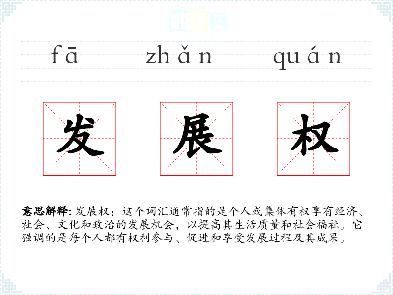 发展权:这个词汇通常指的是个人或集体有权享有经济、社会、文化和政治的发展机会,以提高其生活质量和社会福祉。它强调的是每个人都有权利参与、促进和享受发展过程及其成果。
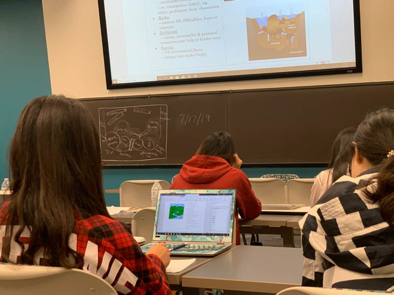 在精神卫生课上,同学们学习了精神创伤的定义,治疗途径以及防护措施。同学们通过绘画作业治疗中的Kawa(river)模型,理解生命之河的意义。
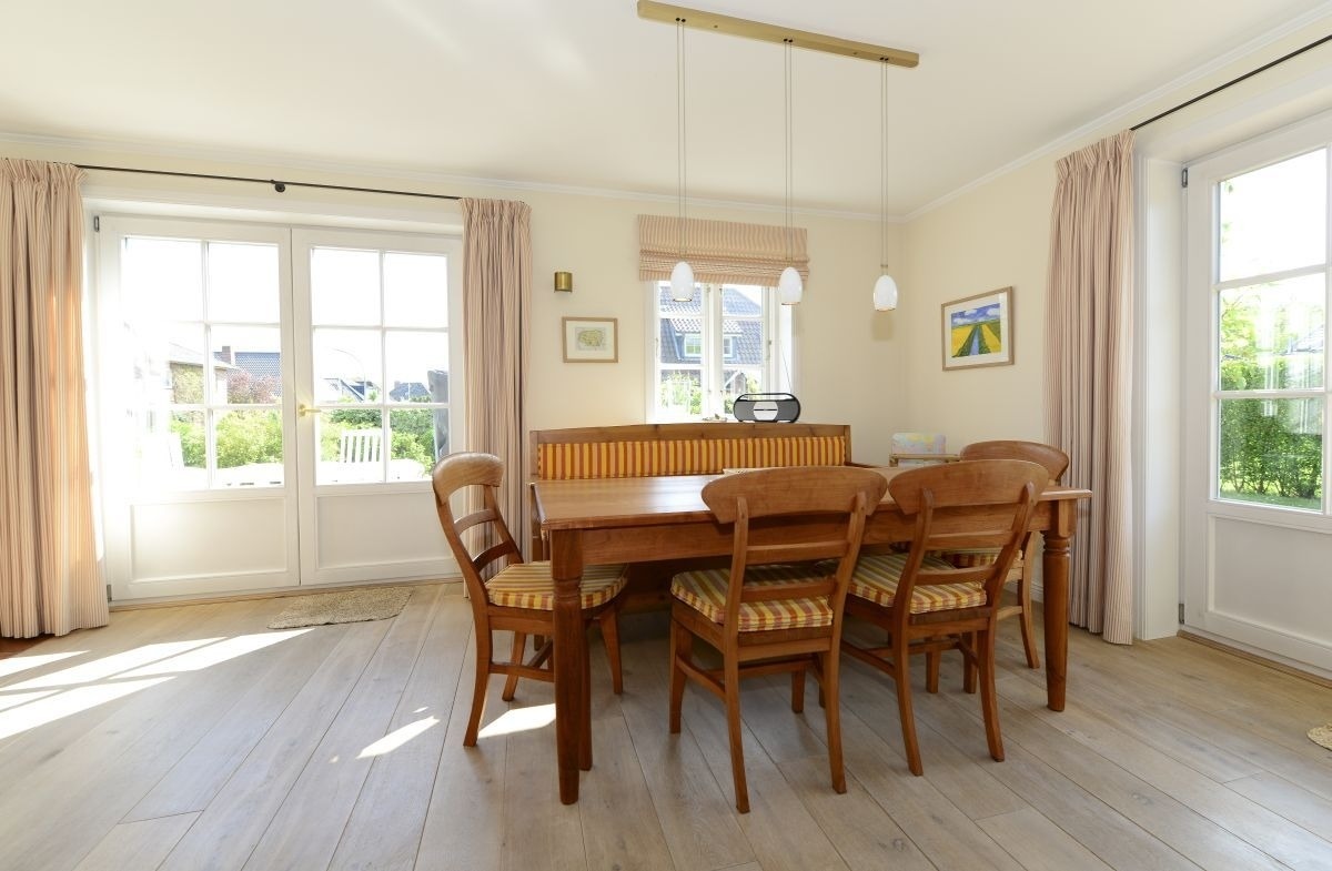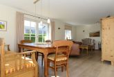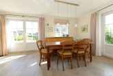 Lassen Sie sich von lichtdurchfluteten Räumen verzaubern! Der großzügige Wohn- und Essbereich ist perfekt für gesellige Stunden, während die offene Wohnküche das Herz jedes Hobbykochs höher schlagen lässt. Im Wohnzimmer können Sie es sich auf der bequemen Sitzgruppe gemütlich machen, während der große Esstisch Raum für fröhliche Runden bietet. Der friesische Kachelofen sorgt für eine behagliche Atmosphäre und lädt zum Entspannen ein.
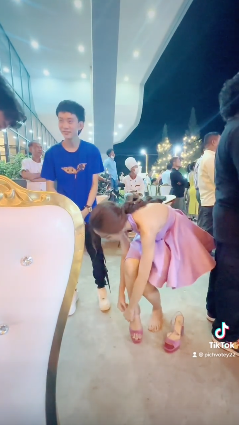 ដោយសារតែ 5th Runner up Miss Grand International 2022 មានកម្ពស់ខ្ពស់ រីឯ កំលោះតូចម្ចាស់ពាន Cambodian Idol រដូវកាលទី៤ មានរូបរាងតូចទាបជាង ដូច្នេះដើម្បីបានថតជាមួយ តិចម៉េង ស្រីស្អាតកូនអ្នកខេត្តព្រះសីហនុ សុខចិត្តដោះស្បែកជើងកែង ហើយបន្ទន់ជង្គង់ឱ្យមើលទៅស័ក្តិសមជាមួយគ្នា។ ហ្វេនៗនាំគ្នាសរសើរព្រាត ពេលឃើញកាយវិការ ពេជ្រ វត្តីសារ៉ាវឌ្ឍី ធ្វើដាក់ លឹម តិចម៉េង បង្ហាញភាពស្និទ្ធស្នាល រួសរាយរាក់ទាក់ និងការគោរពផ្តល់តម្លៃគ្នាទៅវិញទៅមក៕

· · · · · · ·

Goal of the exercise :: Your task is to reproduce exactly the lines from the one that holds "Lassen Sie sich" to the last line of the listing, and only those, omitting the pictures.

Response to this task ::
 Lassen Sie sich von lichtdurchfluteten Räumen verzaubern! Der großzügige Wohn- und Essbereich ist perfekt für gesellige Stunden, während die offene Wohnküche das Herz jedes Hobbykochs höher schlagen lässt. Im Wohnzimmer können Sie es sich auf der bequemen Sitzgruppe gemütlich machen, während der große Esstisch Raum für fröhliche Runden bietet. Der friesische Kachelofen sorgt für eine behagliche Atmosphäre und lädt zum Entspannen ein.
 ដោយសារតែ 5th Runner up Miss Grand International 2022 មានកម្ពស់ខ្ពស់ រីឯ កំលោះតូចម្ចាស់ពាន Cambodian Idol រដូវកាលទី៤ មានរូបរាងតូចទាបជាង ដូច្នេះដើម្បីបានថតជាមួយ តិចម៉េង ស្រីស្អាតកូនអ្នកខេត្តព្រះសីហនុ សុខចិត្តដោះស្បែកជើងកែង ហើយបន្ទន់ជង្គង់ឱ្យមើលទៅស័ក្តិសមជាមួយគ្នា។ ហ្វេនៗនាំគ្នាសរសើរព្រាត ពេលឃើញកាយវិការ ពេជ្រ វត្តីសារ៉ាវឌ្ឍី ធ្វើដាក់ លឹម តិចម៉េង បង្ហាញភាពស្និទ្ធស្នាល រួសរាយរាក់ទាក់ និងការគោរពផ្តល់តម្លៃគ្នាទៅវិញទៅមក៕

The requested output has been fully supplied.